A velvety, protein-packed soup that uses white beans for creaminess instead of dairy. Perfect for chilly spring evenings.

Ingredients
  

  • 1 tbsp Olive oil
  • 1 large Leek white/light green parts, sliced
  • 2 cloves Garlic minced
  • 3 cups Vegetable broth
  • 1 can 15 oz Cannellini beans, rinsed
  • 2 cups Green peas fresh or frozen
  • 1/2 cup Unsweetened plant milk cashew or soy
  • 1 tbsp Lemon juice
  • 1 tbsp Nutritional yeast
  • 1/2 cup Fresh spinach
  • Garnish: Fresh mint or dill hemp seeds, and a drizzle of olive oil.

Method
 

  1. Heat olive oil in a pot; sauté leeks and garlic until soft (5 mins).
  2. Add broth, beans, and peas.

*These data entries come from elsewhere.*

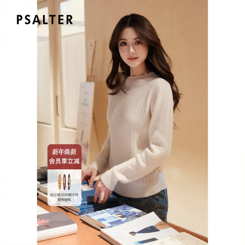 【100%山羊绒】诗篇专选无缝一体条纹肌理打底衫针织衫冬款
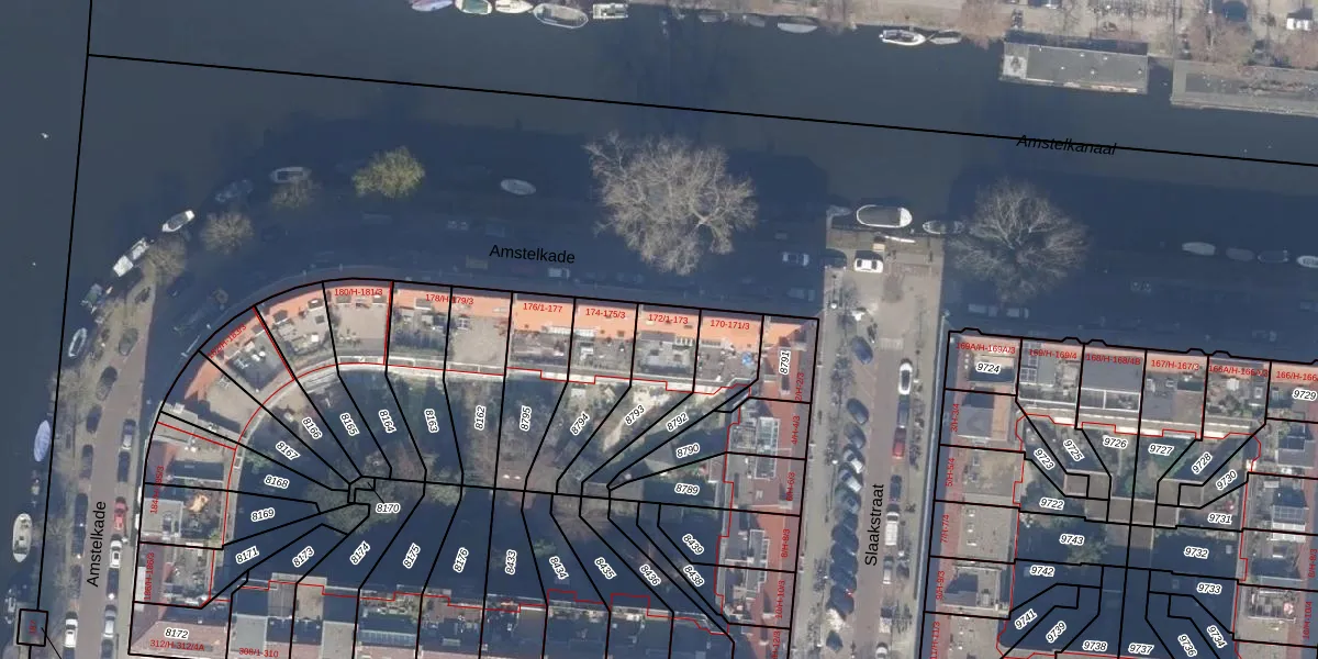 Amstelkade 173 is gelegen op kadastraal perceel ASD18V8793. Deze kadastrale aanduiding is uniek en wordt gebruikt door het Kadaster om eigendomsrechten en andere zakelijke rechten vast te leggen. Het perceel maakt onderdeel uit van de kadastrale gemeente Amsterdam.
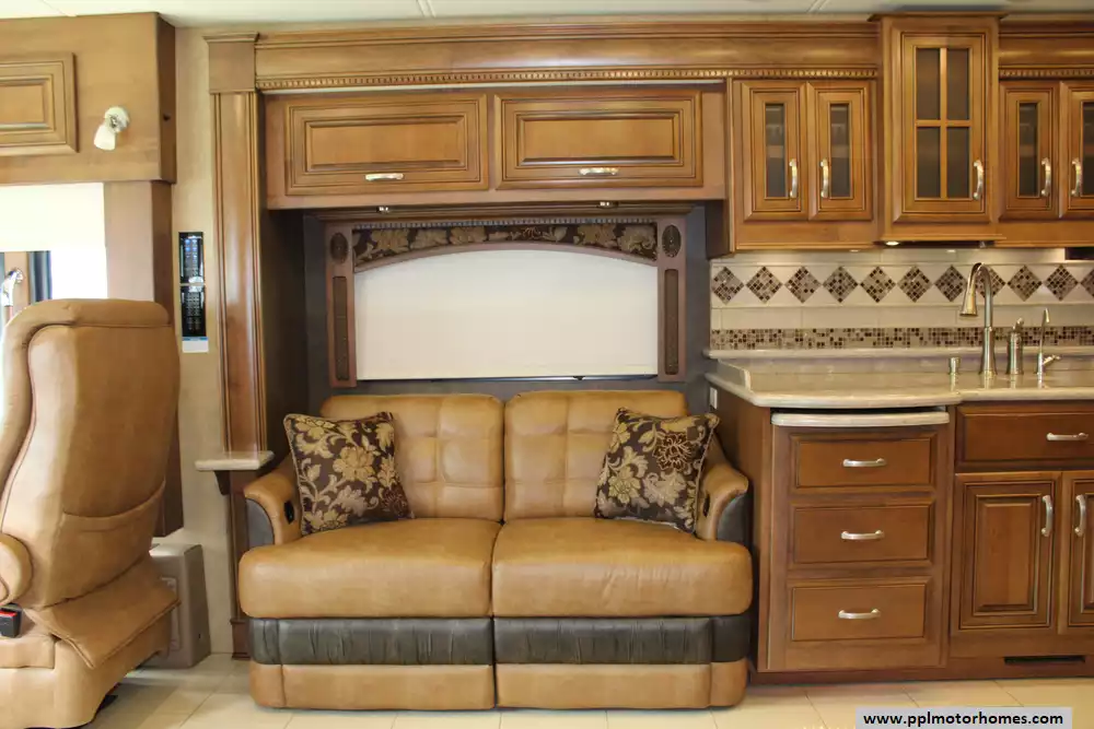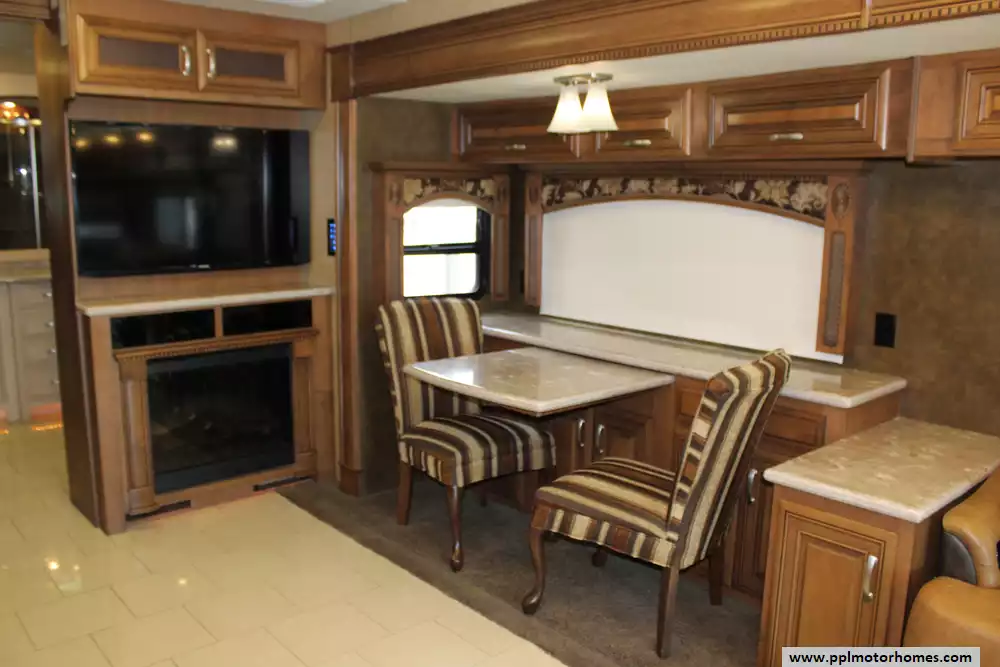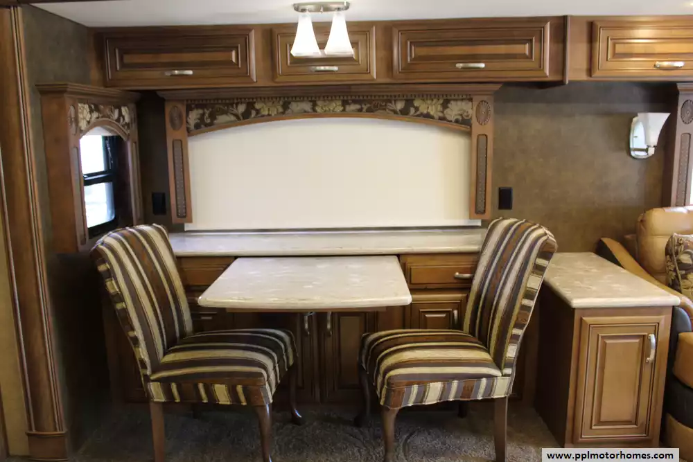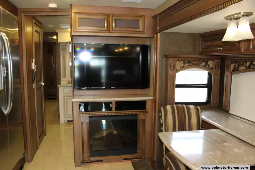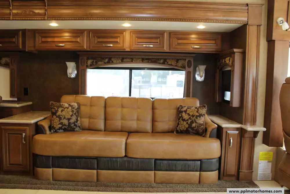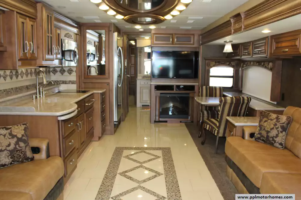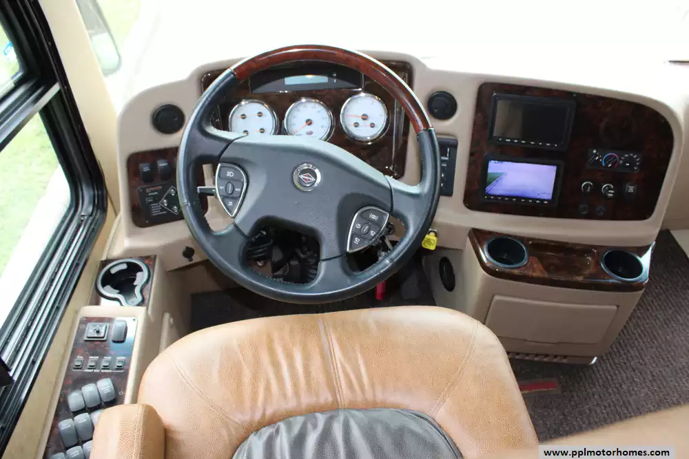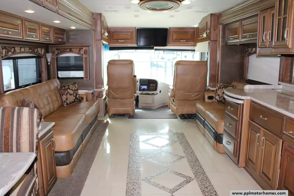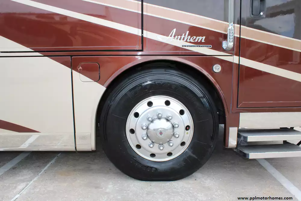 This 2014 Anthem 44DLQ is a luxury Class A diesel pusher motorhome renowned for its high-end amenities, robust construction, and smooth ride. Amenities Include...450hp Cummins Engine On a Spartan Chassis, Exhaust Brake, 4 Slide-outs, 3 Ducted Air Conditioners, Refrigerator, Automatic Main Awning And Window/Slide/Door Awnings, Backup Camera, Dishwasher, DVD Player, Fireplace, and Central Vacuum. It offers a spacious and comfortable layout suitable for long-term stays.

Simmer for 7 minutes.
  3. Stir in plant milk, lemon juice, yeast, and spinach until wilted.
  4. Use an immersion blender to blend until completely silky.
  5. Serve topped with fresh mint and hemp seeds.

Notes

Protein: ~16g per serving.
Tip: Freeze leftovers in glass jars for easy meal prep later.